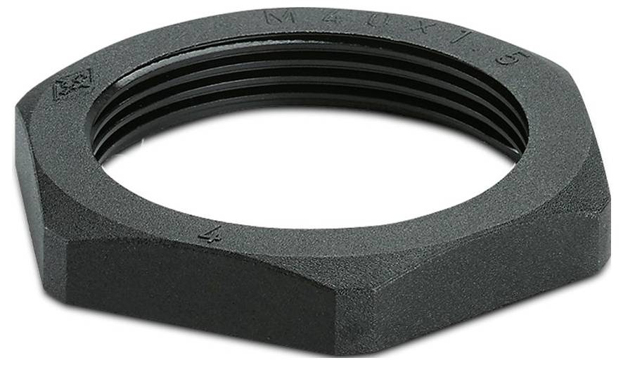 Un écrou de sécurité hexagonal noir avec filetage interne, utilisé pour fixer des composants dans des assemblages mécaniques. Marqué avec 'M40x1.5'.
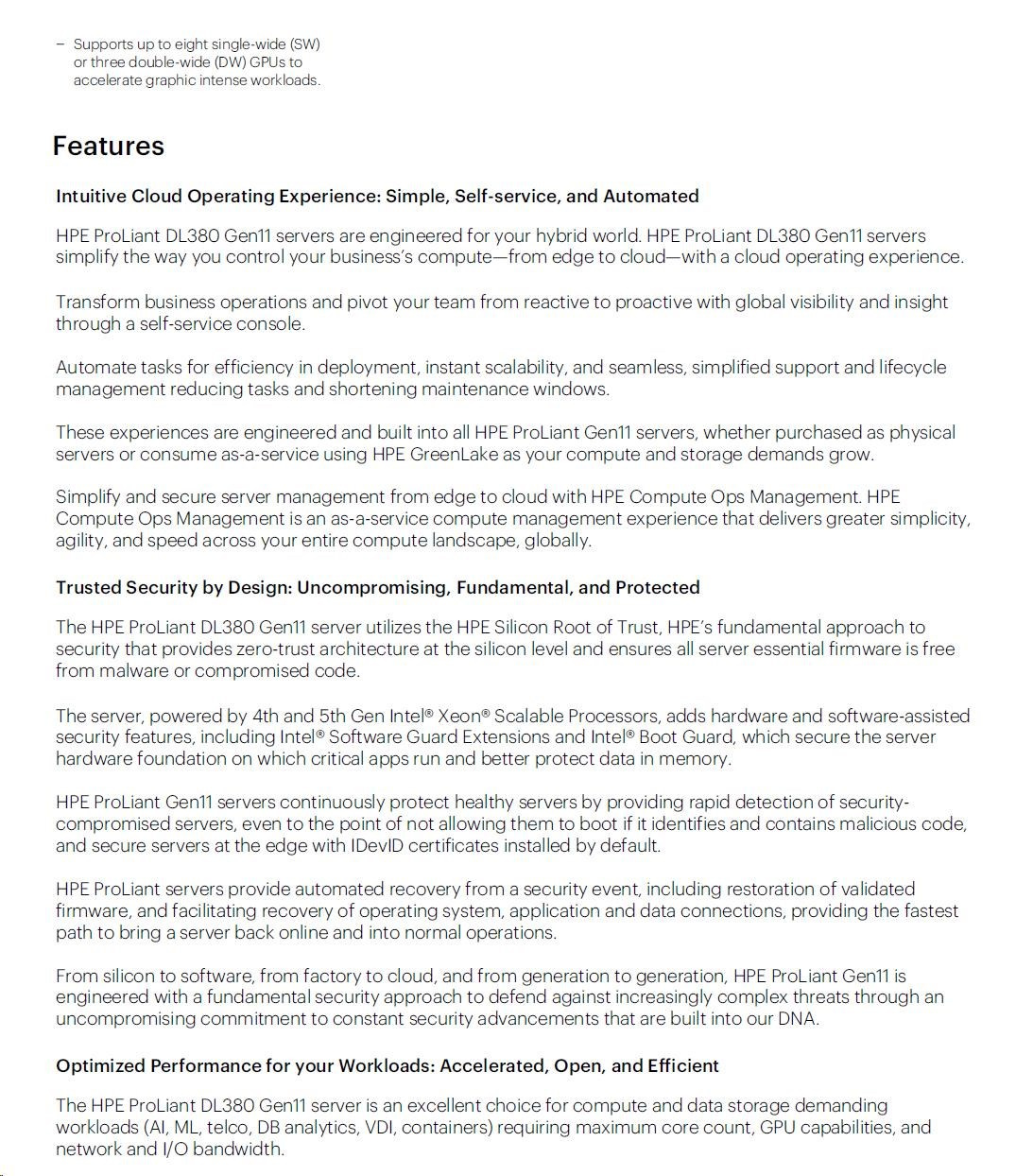 HPE PL DL380g11 4510 (2.4G/12C) 2x32G (p64706) 1x7.68TB NVMe 2x1000W 8SFF 4p1G Smart Choice.
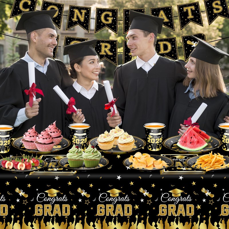 - Black and Gold Graduation Party Decorations: This graduation plates and napkins party supplies are perfect for 2025 graduation party, college, high school event and so on. Graduation party supplies use graduation season elements to make the design more attractive and exquisite. It can help you add a graduation party atmosphere to your event and let graduates feel the joy of graduation

HOW TO COMPLETE THIS TASK - Where an image appears in the data, skip it, and return the rest verbatim.

SOLUTION TO THE PROBLEM -
 Un écrou de sécurité hexagonal noir avec filetage interne, utilisé pour fixer des composants dans des assemblages mécaniques. Marqué avec 'M40x1.5'.
 HPE PL DL380g11 4510 (2.4G/12C) 2x32G (p64706) 1x7.68TB NVMe 2x1000W 8SFF 4p1G Smart Choice.
 - Black and Gold Graduation Party Decorations: This graduation plates and napkins party supplies are perfect for 2025 graduation party, college, high school event and so on. Graduation party supplies use graduation season elements to make the design more attractive and exquisite. It can help you add a graduation party atmosphere to your event and let graduates feel the joy of graduation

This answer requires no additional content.